Based on these considerations, the purposes of this study were (i) to assess the impact of agricultural fields on the habitat suitability for porcupines in Central Italy, and (ii) to explore the extent of habitat selection by porcupines, accounting for seasonal variations, to determine whether croplands were preferred, avoided, or used in proportion to their availability in comparison to other habitats. We assumed that cultivated fields constitute an important source of food, especially during the warm season when food resources in natural habitats are more rarefied. Therefore, we predicted to observe a different degree of habitat selection between warm and cold period. In particular, we would expect to observe a higher preference for agricultural areas during the warm period, and a lower preference during the cold one.
Materials and methods
Study area and data collection
The study was realized in Tuscany (Central Italy) (Fig. 1), where agriculture predominates across the region (Franchini et al. 2022). Depending on the latitude, during the warm season cereals, sunflowers and lucerne represent the most abundant crops (Mori et al. 2014b, 2017). Conversely, in the cold months, only cereals and few cabbage are cultivated.
To conduct the research, we considered porcupine positive locations opportunistically collected from 2012 to 2014 across the region using different data sources: camera–traps (n = 134), road–kills (n = 23), and live captures (n = 12). Although opportunistic records may provide accurate predictions of a species occurrence (Tiago et al. 2017), given the unknown or unbalanced sampling effort (van Strien et al. 2013), they are often discontinuous and/or spatially auto–correlated (Boitani et al. 2011). To reduce those potential biases, we used the ‘spThin’ R package (Aiello-Lammens et al. 2015) to spatially thin our initial dataset and retain the maximum number of locations that were at least 1 km apart. The decision to use a 1 km resolution was made following filtering experiments. This choice aimed to strike a balance between retaining an adequate number of representative samples and ensuring the inclusion of smaller habitat categories that could hold relevance for the species.
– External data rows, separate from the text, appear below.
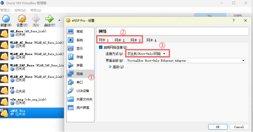 序号② 的网卡1、网卡2、网卡3都需要设置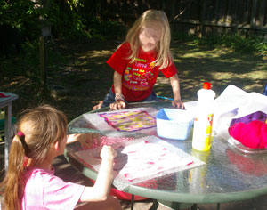 Yesterday was a lovely sunny day, with beautiful warm weather. It was the perfect day for some felting in the backyard. And so we did.
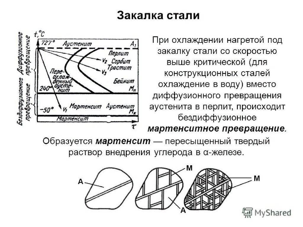 При закалке для переохлаждения аустенита до температуры мартенситного превращения требуется быстрое охлаждение, но не во всём интервале температур, а только в пределах 650-400 °C, то есть в том интервале температур в котором аустенит менее всего устойчив, быстрее всего превращается в феритно-цементитную смесь.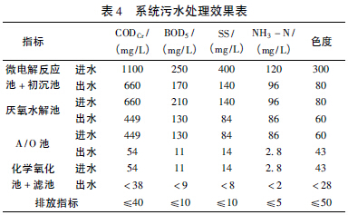 污水處理系統經三個月的調試,達到設計指標。系統污水處理效果見表4。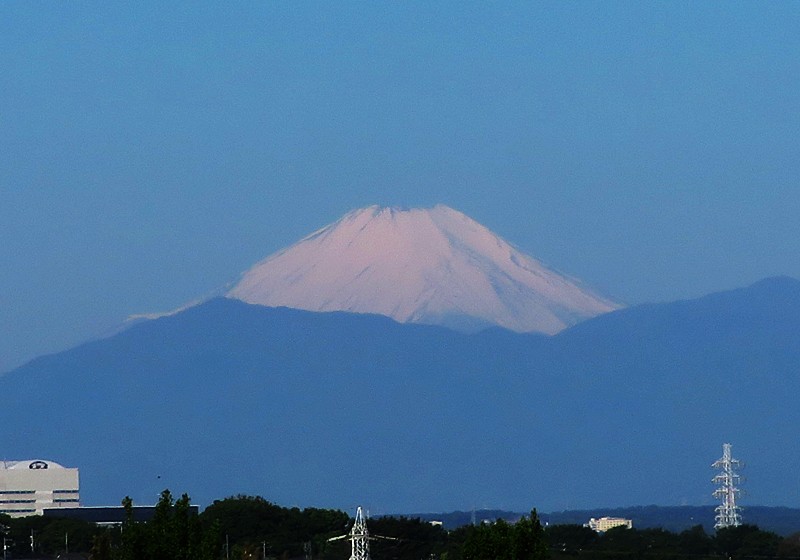 今日の画像は、今朝の富士山です。勤務校の4階から真っ白な富士山が輝いて見えていました。中腹より上は冠雪状態です。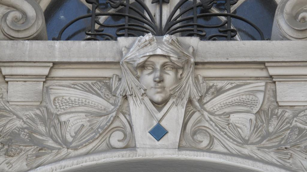 Au 14 du boulevard Wilson, la façade en angle de l’hôtel particulier achevé en 1917, de composition assez conventionnelle, révèle un programme décoratif riche et surprenant. Le thème de la branche et de la pomme de pin, récurrent dans l'architecture Fin de Siècle, est omniprésent sous des formes et des matériaux différents (frises de faïence polychrome, reliefs épousant l'arrondi de la façade). Au-dessus de l'entrée la représentation d'un visage féminin aux accents symbolistes complète l'ensemble. Les sculptures sont d’Alexandre Guénot.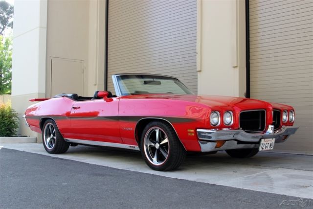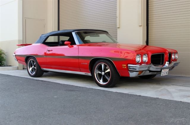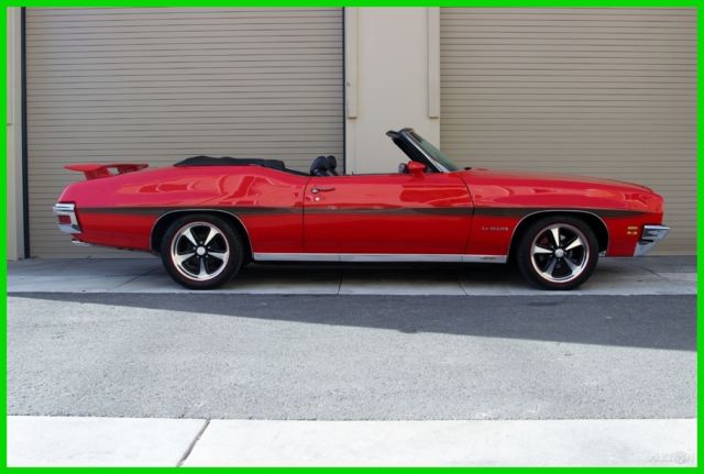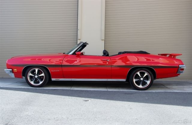 | Just In TIme For The Warm Weather This Beautiful Droptop LeMans Sport is Ready to Cruise. 350 CID. V-8 Edelbrock Air Cleaner Edelbrock 4BBL Carburetor Edelbrock Aluminum RPM Intake Factory A/C Headers Dual Exhaust with Flowmaster Mufflers TH-350 Automatic Transmission. Power Steering Power Front Disc Brakes. Bucket Seats Hurst dual gate auto with center console. Billet Steering Wheel. Factory Tach Auxiliary Oil and Temperature Gauges Power Convertible soft top. Factory Side Graphics Color Coded Sport mirrors. Rear GTO spoiler 17" Rally II Wheels |

Moreover, a 1 km distance between locations aligns closely with the average home–range size observed for porcupines in Central Italy (see Habitat suitability and selection analyses—Lovari et al. 2013). The final dataset was composed by n = 93 camera–traps, n = 13 road–kills, and n = 1 live capture, covering an area of about 17,551 km2 and defined through a 100% Minimum Convex Polygon (100% MCP) implemented starting from the coordinates of each location (i.e., camera–traps, road–kills, live capture) (Fig. 1).
Given the absence of seasonal dispersal patterns in the study area (Mori and Fattorini 2019), we conducted the habitat suitability and selection analyses only for adult individuals, presuming their resident movement behaviour, rather than filtering for dispersal periods. The age class of road–kill and captured individuals was determined based on body measurements and maxillary teeth eruption (Mori and Lovari 2014) whereas, as for camera–trapping data, they were all classified as adults based on their body size (Franchini et al. 2022).
Carcases of road–kill porcupines were opportunistically collected from 2012 to 2014 in the Provinces of Arezzo (n = 3), Grosseto (n = 4), and Siena (n = 6) (Supplementary material 1). Captures were carried out within a 24–year research project (1990–2014) aimed at exploring the behavioural ecology of porcupines in Central Italy (Lovari et al. 2013; Mori et al. 2014b, 2015), with captures conducted throughout ten years. During this period, a total of 54 individuals were captured: ten in the Province of Grosseto and 44 in the Province of Siena (Mori et al. 2015). Ten home–made metal box traps (55 × 75 × 100 cm) were used. Traps were baited with vegetables and fruits (apples, carrots, corn, pears, plums, potatoes), activated for at least seven nights per month and checked at sunrise and sunset during each trapping session (five per year, respectively, in 1990, 1991, 1992, 1995, 1997, 1998, 1999, 2012, 2013 and 2014). When an individual was trapped, it was sedated before manipulation following the standard protocol elaborated by Massolo et al. (2003).
As for camera–trapping, we used independent presence–only data obtained from previous researches realized in Tuscany in 2013. Because these studies aimed to explore the ecology of several species (data available on www.inaturalist.org and published works: e.g., Mori et al. 2014c; Franchini et al. 2017; Mori and Menchetti 2019; Viviano et al. 2021), camera–traps were randomly placed in all habitat types (excepting water bodies). Random points were selected through the QGIS (v. 2.0) Software within a regular grid, following the habitat classification obtained from the 2013 land cover map of the Tuscany region (DB UCS 1:10000) (see Habitat suitability and selection analyses). Since cameras were distributed across the entire region (Fig. 1), the average distance among them was approximately 77.3 m (Standard Deviation [SD] = 41.5 m; minimum [min] = 1,030 m; maximum [max] = 228,340 m). Distance parameters (i.e., mean, SD, min, max) were calculated using the distance matrix tool in QGIS (v. 3.28). Cameras were placed along trails and/or near den sites at a height variable from 30 to 50 cm above the ground (tied with ropes and chains, to reduce the likelihood of thefts and/or vandalisms), activated 24 h per day throughout the year to take one video/event and maximize the detection probability, and checked every 10–15 days to download data and replace batteries. Cameras were rotated amongst stations at least once every 40 days, to ensure that each camera trap station was sampled for at least 30 days per season. The overall sampling effort was 4,319 camera–trap nights, during which an average of 38 (SD = 22) independent porcupine events were recorded. A time span of 30 min between pictures at the same site was considered to define an independent event (Meek et al. 2014).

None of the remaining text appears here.